- Gold prices have stalled and running out of buyers on mixed trade talk headlines.
- The 1430s comes as a deep retracement target once the 23.6% Fibo in the 1450s gives.
Spot gold has travelled between a low of $1494.96 to a high of $1509.40 on Friday, ending Wall Street around 0.50% in the red as the precious metal struggles to maintain the bullish momentum, despite the DXY falling 0.20% on the day. While gold may be sagging into the close, for the week, gold has climbed 3.5% with respect to futures and based on the most-active contract’s finish on August the 2nd.
December gold on Comex lost $1, or less than 0.1%, at $1,508.50 an ounce. Trade wars are at the helm driving prices. The gold and silver ratio ended down -0.63% having travelled between 88.84 down to 88.02 as silver prices continue to hold in there while gold lags. Silver prices ended the day modestly higher by 0.17% within a range of $16.86 and $17.14, ending around $16.98 on Wall Street.
Mixed trade headlines
Initially, gold found a bid on the White House’s decision to hold off on granting licenses for US companies to purchase some Huawei equipment following Beijing’s halting of US crop purchases. However, risk aversion spiked on reports to the contrary and that U.S. won’t ease Huawei restrictions. Nevertheless, the two and fro of such headlines are another reminder of the recently deteriorating outlook for US-Sino trade negotiations.
“Global assets will have to grow accustomed to the reality that trade uncertainty is likely here to stay, which ultimately has consequences for asset prices and for the growth outlook. At the same time, as the pressure on China’s economy weighs on the RMB, which was allowed to weaken below the 7.0 mark, the President is likely to continue urging the Fed to lower rates which in turn could provide some positive tailwinds for gold and silver,” the at TD Securities analysts argued.

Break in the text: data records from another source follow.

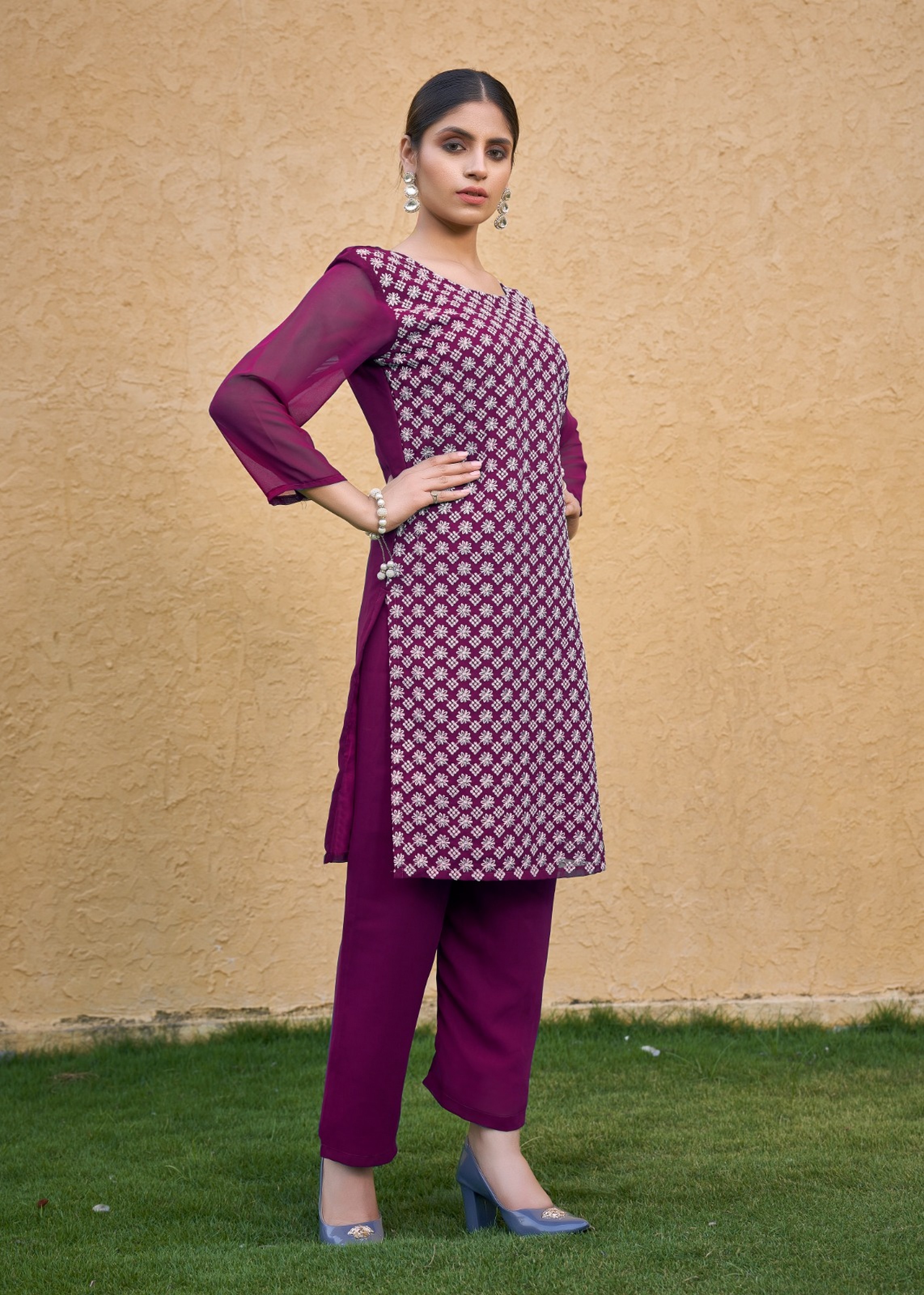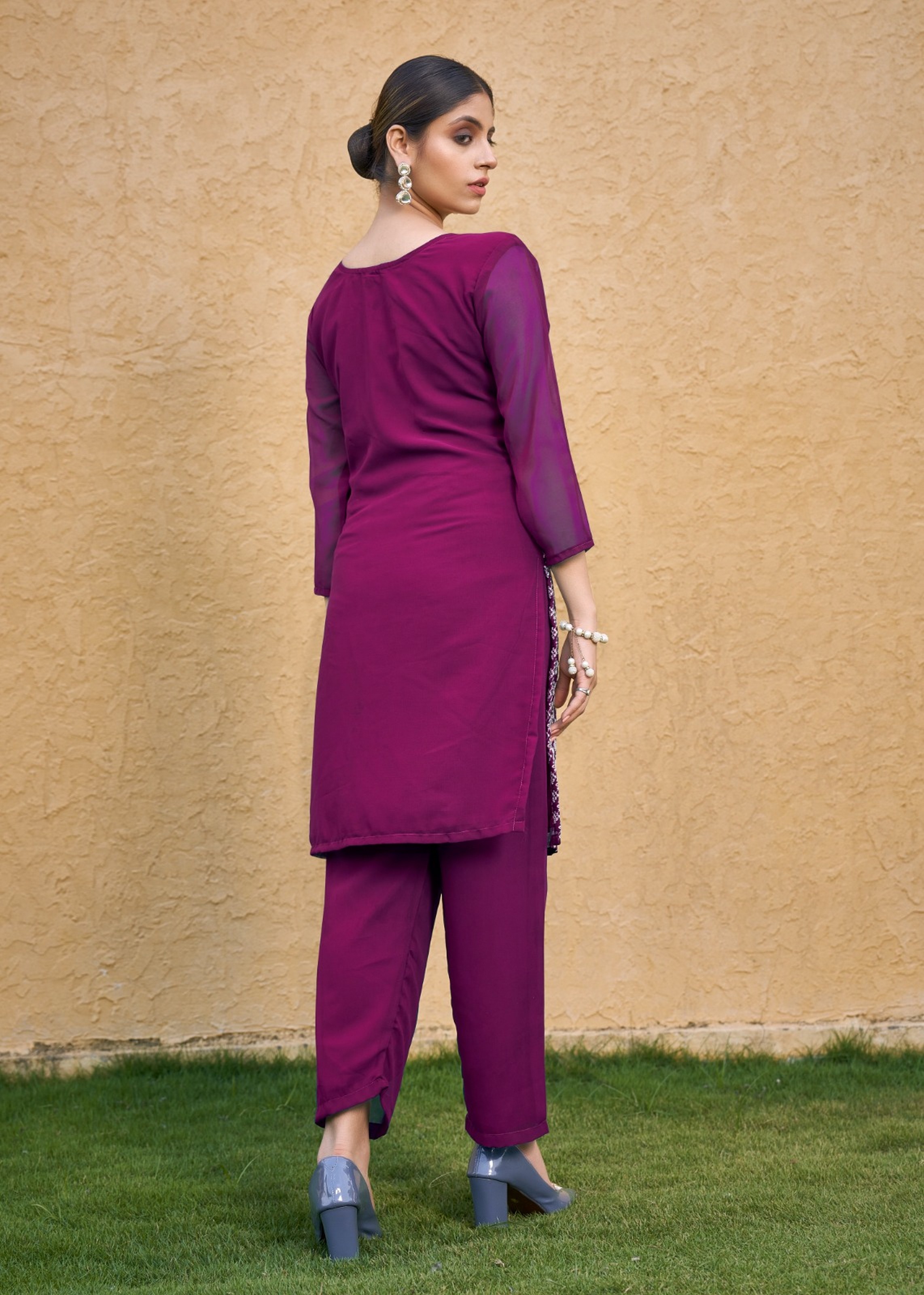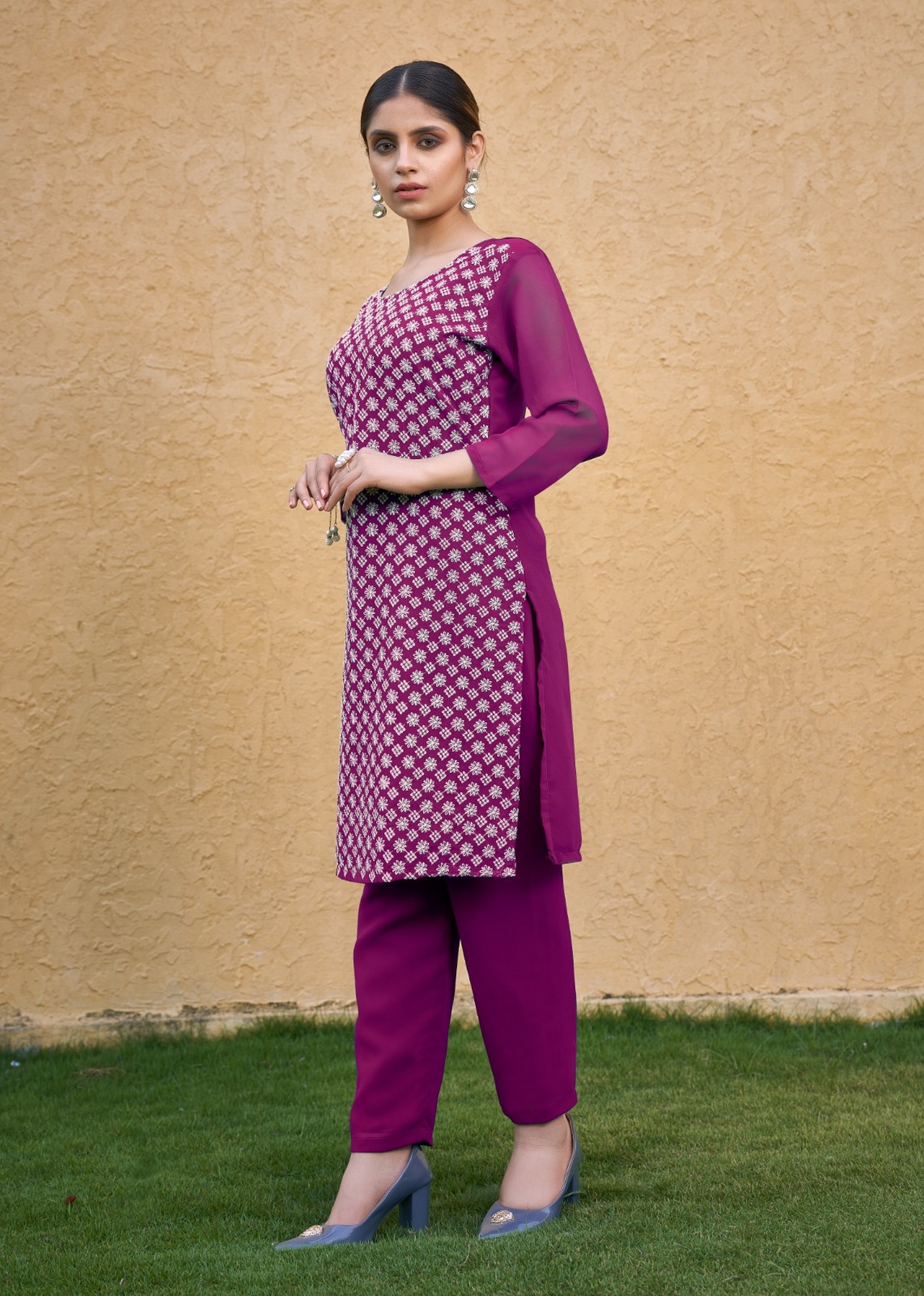 Purple Color Thread Embroidery Work Casual Georgette Kurti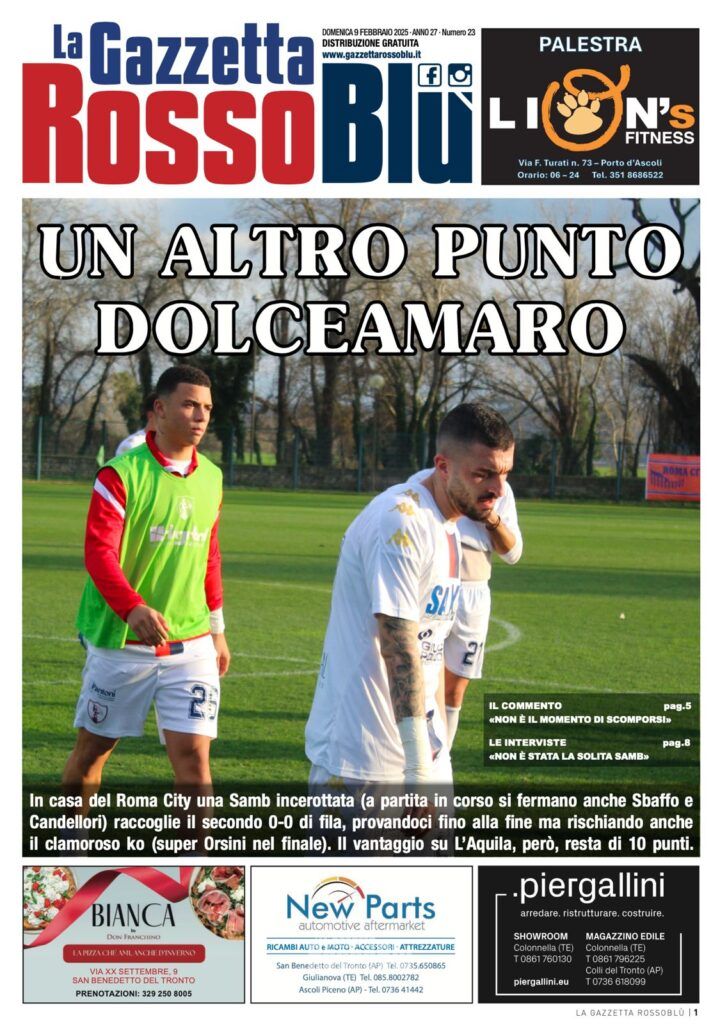 Qui sotto riportiamo l’edizione digitale della Gazzetta Rossoblù in occasione di Roma City-Samb, match valido per la 23^ giornata del girone F di Serie D.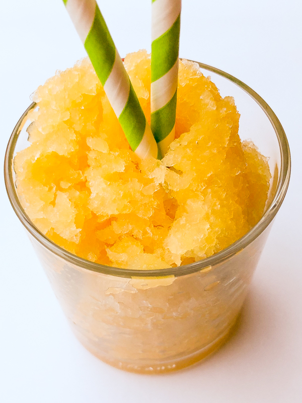 Since this melted pretty quickly, I chose to eat it with a straw rather than a spoon but no matter how you serve it, it was pretty tasty. Would it have been better with champagne? Maybe? I’m not sure how much you could have actually tasted it but clearly I’ll need to try this again sometime when there’s leftover champagne (um, like when would that ever happen?). I liked the consistency of this granita version too – though I love a good sorbet, granita is a mighty fine substitute if you don’t have an ice cream maker.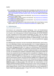 Quellen ■ AA - Auswärtiges Amt [Deutschland] (28.10.2022): Auswärtiges Amt, Bericht über die asyl- und abschiebungsrelevante Lage in der Republik Irak (Stand: Oktober 2022), https://www.ecoi.net/e n/file/local/2082728/Auswärtiges_Amt,_Bericht_über_die_asyl-_und_abschiebungsrelevante_ Lage_in_der_Republik_Irak_(Stand_Oktober_2022),_28.10.2022.pdf , Zugriff 23.3.2023 [Login erforderlich] ■ FH - Freedom House (2023): Freedom in the World 2023 - Iraq, https://www.ecoi.net/de/dokument /2090187.html, Zugriff 7.7.2023 ■ FH - Freedom House (24.2.2022): Freedom in the World 2022 - Iraq, https://www.ecoi.net/de/doku ment/2068634.html, Zugriff 11.7.2023 ■ FH - Freedom House (3.3.2021a): Freedom in the World 2021 – Iraq, https://www.ecoi.net/en/docu ment/2046520.html, Zugriff 11.7.2023 ■ USDOS - United States Department of State [USA] (20.3.2023): 2022 Country Report on Human Rights Practices: Iraq, https://www.ecoi.net/de/dokument/2089064.html, Zugriff 11.7.2023 15 Haftbedingungen Letzte Änderung 2023-10-09 08:27 Die Strukturen sind unübersichtlich. Sowohl Verteidigungs-, Innen- und Sozialministerium als auch diverse Antiterror-Behörden betreiben eigene Gefängnisse (ÖB Bagdad 20.11.2022, S.4). Es gibt im Irak schätzungsweise 50 offizielle Hafteinrichtungen, die von den Ministerien für Justiz, Verteidigung und Inneres betrieben werden(DFAT 16.1.2023, S.39). Der irakische Strafvollzugsdienst, der zum Justizministerium gehört, verwaltet 29 Gefängnisse. Das Justiz-, das Verteidigungs- und das Innenministerium betreiben 24 Hafteinrichtungen, und der Dienst für Terrorismusbekämpfung unterhält mindestens eine Untersuchungshaftanstalt (USDOS 20.3.2023). Die Haftbedingungen entsprechen nicht dem internationalen Mindeststandard, wobei die Situa tion in den Haftanstalten erheblich variiert (AA 28.10.2022, S.21). In einigen Gefängnissen und Haftanstalten sind die Bedingungen aufgrund von Überbelegung oft hart (USDOS 20.3.2023; vgl. FH 2023, ÖB Bagdad 20.11.2022, S.4). Aufgrund von Misshandlung und unzureichendem Zugang zu sanitären Einrichtungen und medizinischer Versorgung werden die Bedingungen bisweilen auch als „ lebensbedrohlich“ bezeichnet (USDOS 20.3.2023; vgl. DFAT 16.1.2023, S.39-40). Die Überbelegung der staatlichen Gefängnisse stellt ein systemisches Problem dar, das durch die Zunahme der Zahl der festgenommenen mutmaßlichen IS-Mitglieder noch ver schärft wird (USDOS 20.3.2023). Auch die Gefahr von COVID-19 und anderen übertragbaren Krankheiten wirkt sich negativ auf die Haftbedingungen aus (USDOS 12.4.2022). Im April 2020 gab das Justizministerium bekannt, dass 950 erwachsene Häftlinge und 57 Jugendliche begna digt wurden, um die Ausbreitung von COVID-19 in den Gefängnissen einzudämmen (USDOS 30.3.2021). Anderen Quellen zufolge wurde die Freilassung von 20.000 Häftlingen verkündet (MEMO 24.4.2020; vgl. HRW 13.1.2021). Mitte 2020 haben das Justizministerium und das Irakische Hochkommissariat für Menschenrechte (IHCHR) vor einer COVID-19 bedingten Ge sundheitskrise wegen der Überbelegung in den Haftanstalten gewarnt. Um dieser Überbelegung weiter entgegenzuwirken, wurde im August 2020 die Eröffnung eines neuen Gefängnisses in Bagdad angekündigt (USDOS 30.3.2021). Im August 2021 wurden 1.300 Häftlinge, darunter 86 160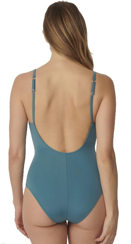 Jednoczęściowy strój kąpielowy delikatnie modelujący kobiecą sylwetkę z lekko usztywnianymi, formowanymi miseczkami bez fiszbin, z klasycznym  dekoltem V, pięknie podkreślającym kobiece walory.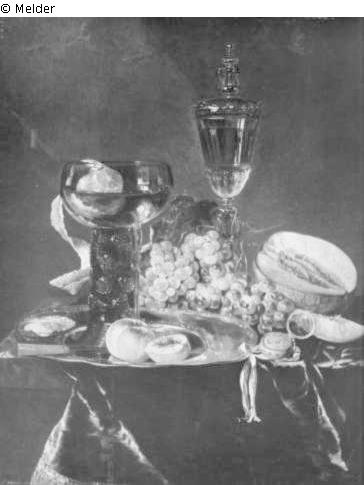 Tafelmalerei: Bild: Stilleben mit Pflanzen, Blumen und Früchten & Weinglas, Römer & Kelch & Armbanduhr, Taschenuhr; Stilleben; Pflanze; Blume; Frucht; Insekt & Glas; Römer (Pokal) & Kelch & Uhr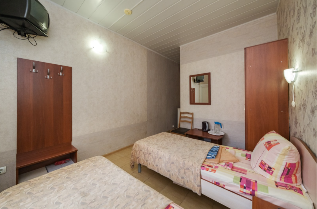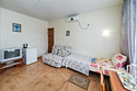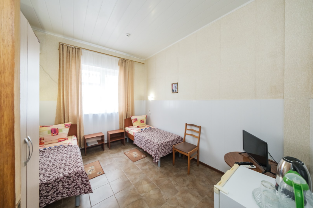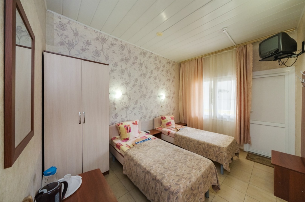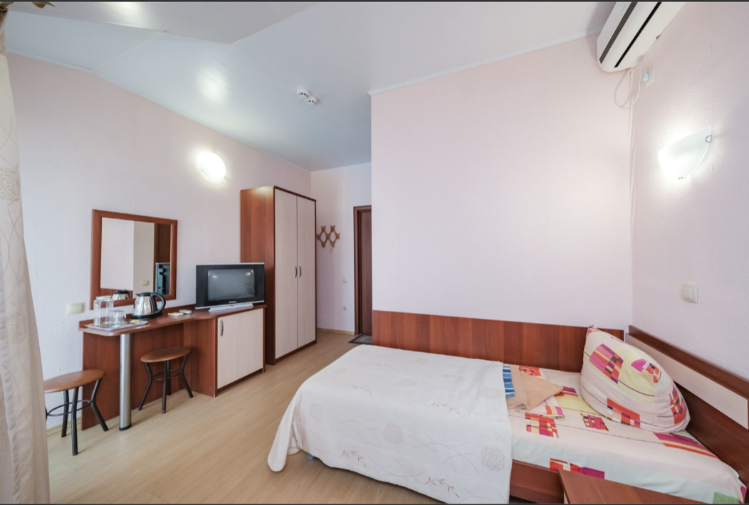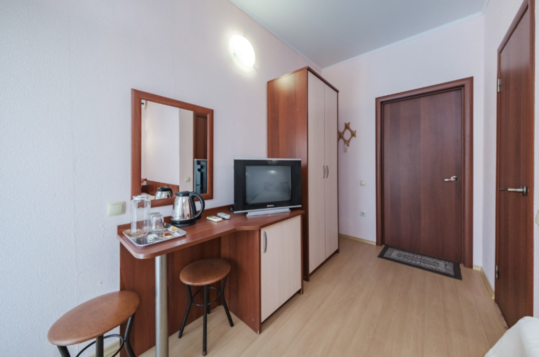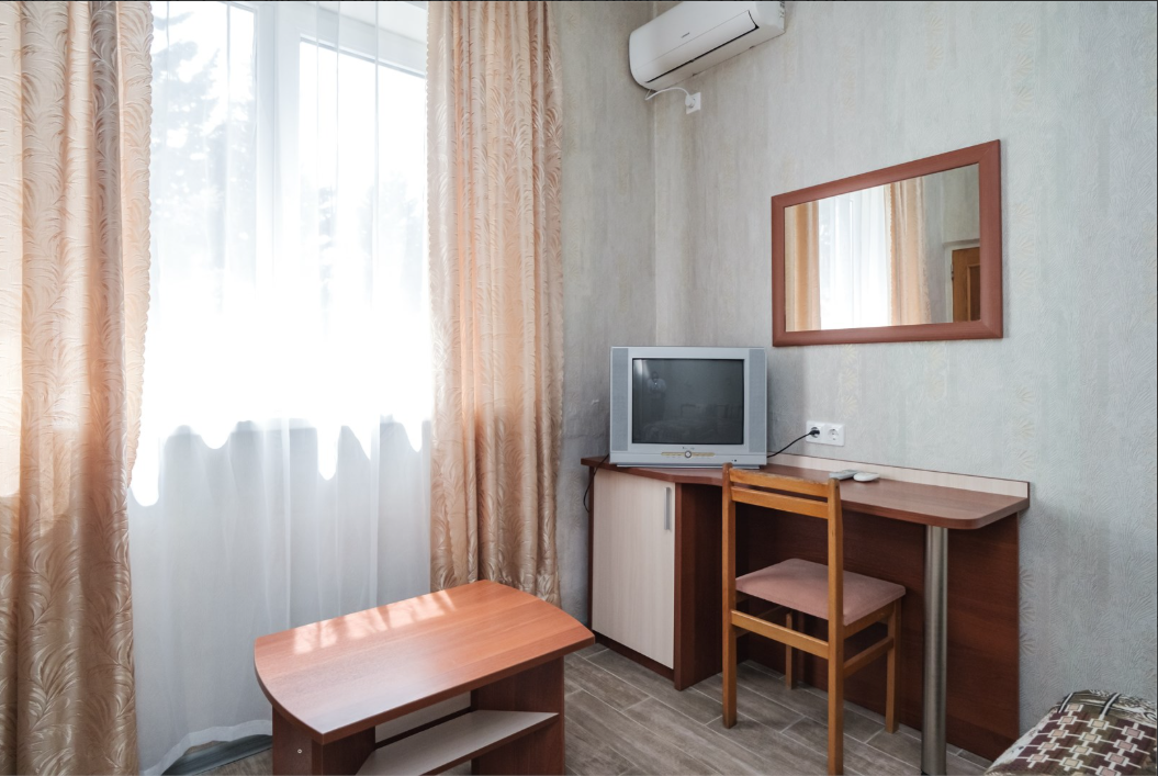 Солнечные однокомнатные номера со всем необходимым для комфортного проживания 2-х человек. В номере допускается дополнительное спальное место — евро раскладушка. Все номера данной категории находятся на 2 этаже. Проживание детей от 0 до 12 лет (включительно) на дополнительном спальном месте возможно при его наличии и по действующим тарифам. Проживание с животными возможно только по согласованию с администрацией пансионата.

However, in the absence of further trade war escalation, on a break back below the 1480s, a deeper retracement back to the 1430s could play out once the 23.6% Fibo in the 1450s gives. On the flip side, To the upside, the 1528/30s comes as a prior support area which could come in as the next major upside target where the price would be expected to hold initial tests. Then, bull swill look to the 127.2% Fibo target which is located around 1,560. This guards territory to then the Oct 2012 highs at 1795 come into the picture on the wide. The 1800s come as the 2011 highs and the price has touched the 61.8% Fibo retracement of those highs to the late 2015 swing lows.